I may try that a bit later.)
If you wanted all documents with a permutation that contained only NFL, then you would go to this uri:
http://127.0.0.1:5984/bossv/_view/_search/word?key=["NFL"]
If you wanted all documents with a permutation that contained NFL, then you could do this instead:
http://127.0.0.1:5984/bossv/_view/_search/word
?startkey=["NFL"]&endkey={}
Finally, I'll briefly mention that you could use an adaptation of this technique to make it possible to retrieve all blog entries that have an arbitrary combination of tags, which is a complex query that a relational database can't easily build an index for, but--using the above technique--CouchDB easily can. So, although this example of created a permutated index is pretty ridiculous, I think the technique could be genuinely useful in some situations.
That permutation definitely makes me laugh. I had pretty much just discarded it out of hand, but you make a good point that it's a one time cost.
If you're interested, a couple of us on IRC have been discussing how to do FTI in pure javascript+map/reduce as well as maybe implementing an Erlang plugin.
Also, the _external branch should be hitting trunk sometime soon and with jchris' action servers this will allow for alot of interesting experiments.
Thanks for your ideas, i'll give it a try!
I think this wil help me a lot. I will give it a try.
Amazing - thanks a lot, sounds great i will use this.
hi it is good but please can u let us know hw to perform the search. the URL you provided is not getting executed. "mydb" does it refer to the database name?? please reply
this article looks good, but is it compatible with all sql versions ? For me its not working, but i am just a beginner and dont know my database version.
sounds great i will use this.
amazing article thanks a lot.
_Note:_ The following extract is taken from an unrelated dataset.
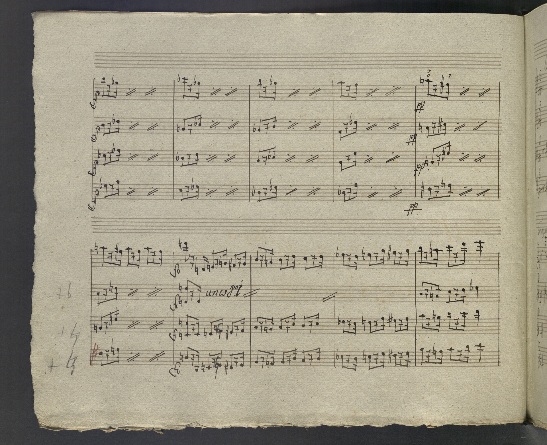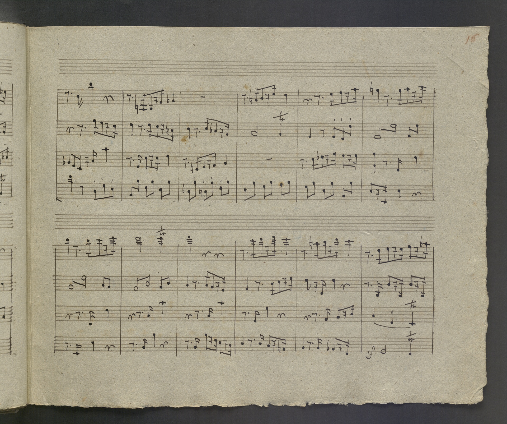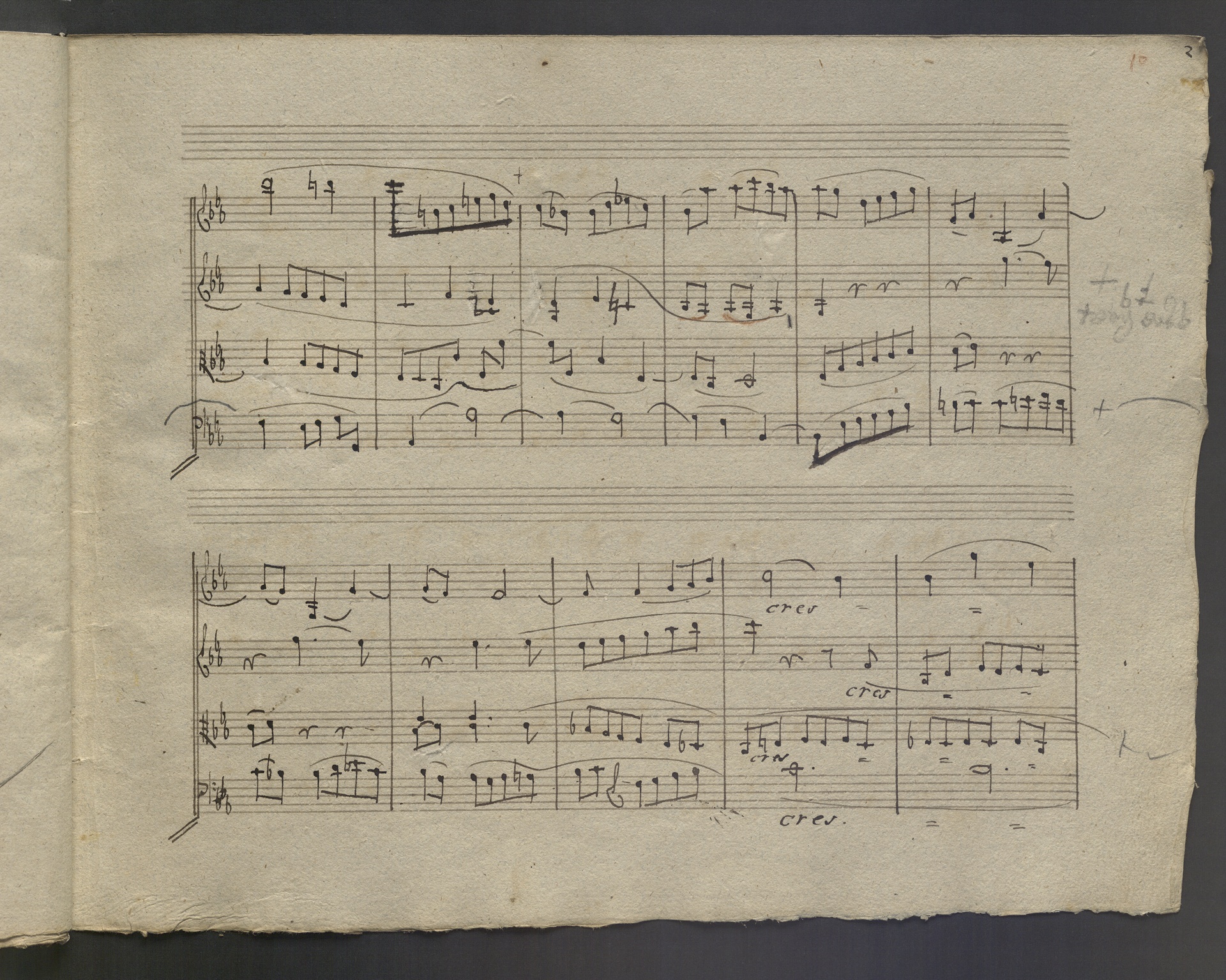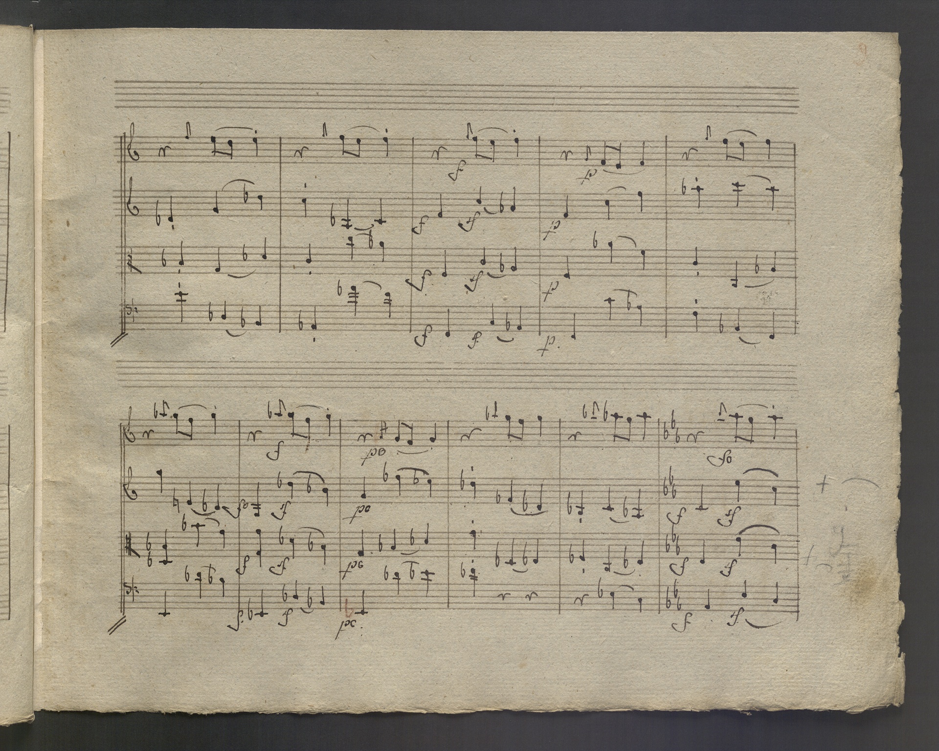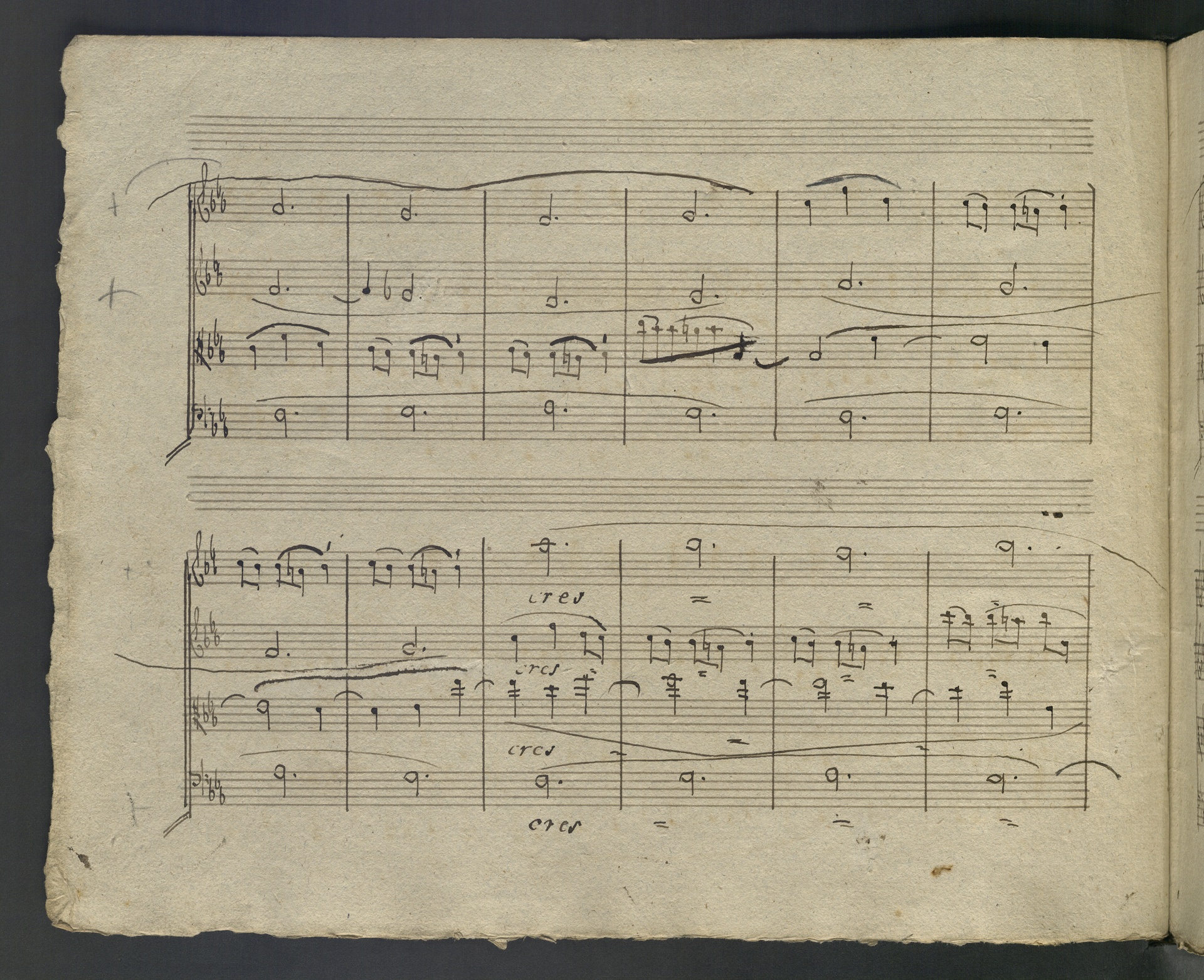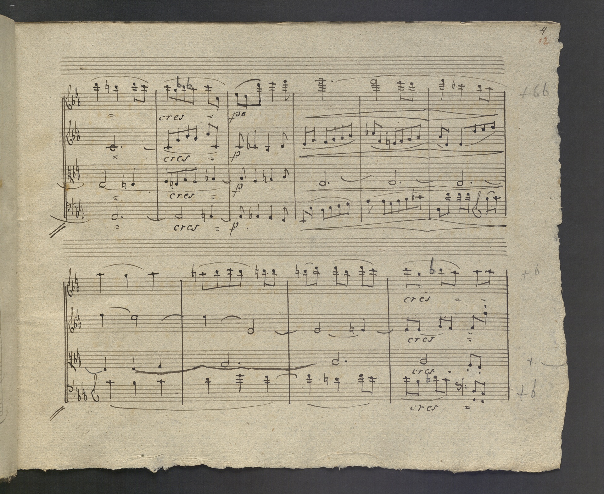 Die Partiturabschrift von Beethovens Streichquartett Es-Dur op. 127 wurde als Stichvorlage für den Druck des Werkes angefertigt. Vor ihrer Versendung an den Verleger Schott in Mainz sah Beethoven die Arbeit des Berufskopisten Ferdinand Wolanek sehr genau durch und nahm eigenhändig Verbesserungen vor. Seine Korrekturen am Rand und im Notentext sind zahlreich und gut zu erkennen. Mit Bleistift (teilweise mit Tinte nachgezogen) und Rotstift markierte er Ungenauigkeiten der Bogensetzung und ergänzte Artikulations- und dynamische Bezeichnungen. Ein kleines Stück Notentext schrieb er neu und klebte es über die alte Version (Bild 45). Die drei Takte von Beethovens Hand fallen durch eine gewisse Unordentlichkeit auf: die Noten stehen nicht sauber unter einander und die Takteinteilung ist unregelmäßig.

This sounds great and i will use this next time.
how do you support binary files ? like PDF ? I thought this is why we need CouchDB-Lucene or CouchDB-Solr
looks really good, i'll try that.
yeap, i've tried and its good and working. thanks for posting.
Nice article, well written and explained... and nice sense of humour :) I'm thinking if I could use couchdb for a project on 12m+ documents that now is being built on hadoop+solr. Do you think it would suffer from performance? Is couchdb a solution (and performing better) for the task? Thanks for the article.
nice sourcecode I saved that for testing it by my self, thanks a lot
Thank you for this nice article. I'am going to try it.
Frohes neues Jahr 2010 wünscht Euch Maike
Very interesting site.
Wow this works fine. THanks a lot!
This is great, exactly what I was looking for. I will make a great search.
Hey great article. Keep up the good work.
I would suggest to sort the permutations before emitting them:
Otherwise you need to know the order of the words in the title to find a document.
Now you can sort your key on client side and fetch all documents titled "hello world my friend" like this:
Sorting permutations doesn't make any sense, so I think I have to clarify my comment.
The permute() function shown in your post doesn't compute permutations, instead it yields all subgroups:
So, if you want to find a document with "one" and "two" in the title, the key ["one", "two"] wouldn't find it, but the permutation ["two", "one"] does.
A solution is to sort all subgroups and the keys, or emit all subgroups and their permutations.
hallo, beim Surfen in der Google, habe ich dieser sehr Hilfreiche Seite entdeckt, sehr gelungen, mit Freundliche Grüße aus Duisburg
Ich gratuliere zur informativen Seite. Schön, dass es noch Leute mit Ideen gibt. Liebe Grüsse, Mikail
Ich bin auch total begeistert! Echt spannender Artikel!
Hey thank you for this good article. well done!
Nice to have people out there, who still have ideas. Very nice article. Keep it up!
Haven't tried this yet. I even haven't used couchdb until today. will try it now. Thanks for the tipps.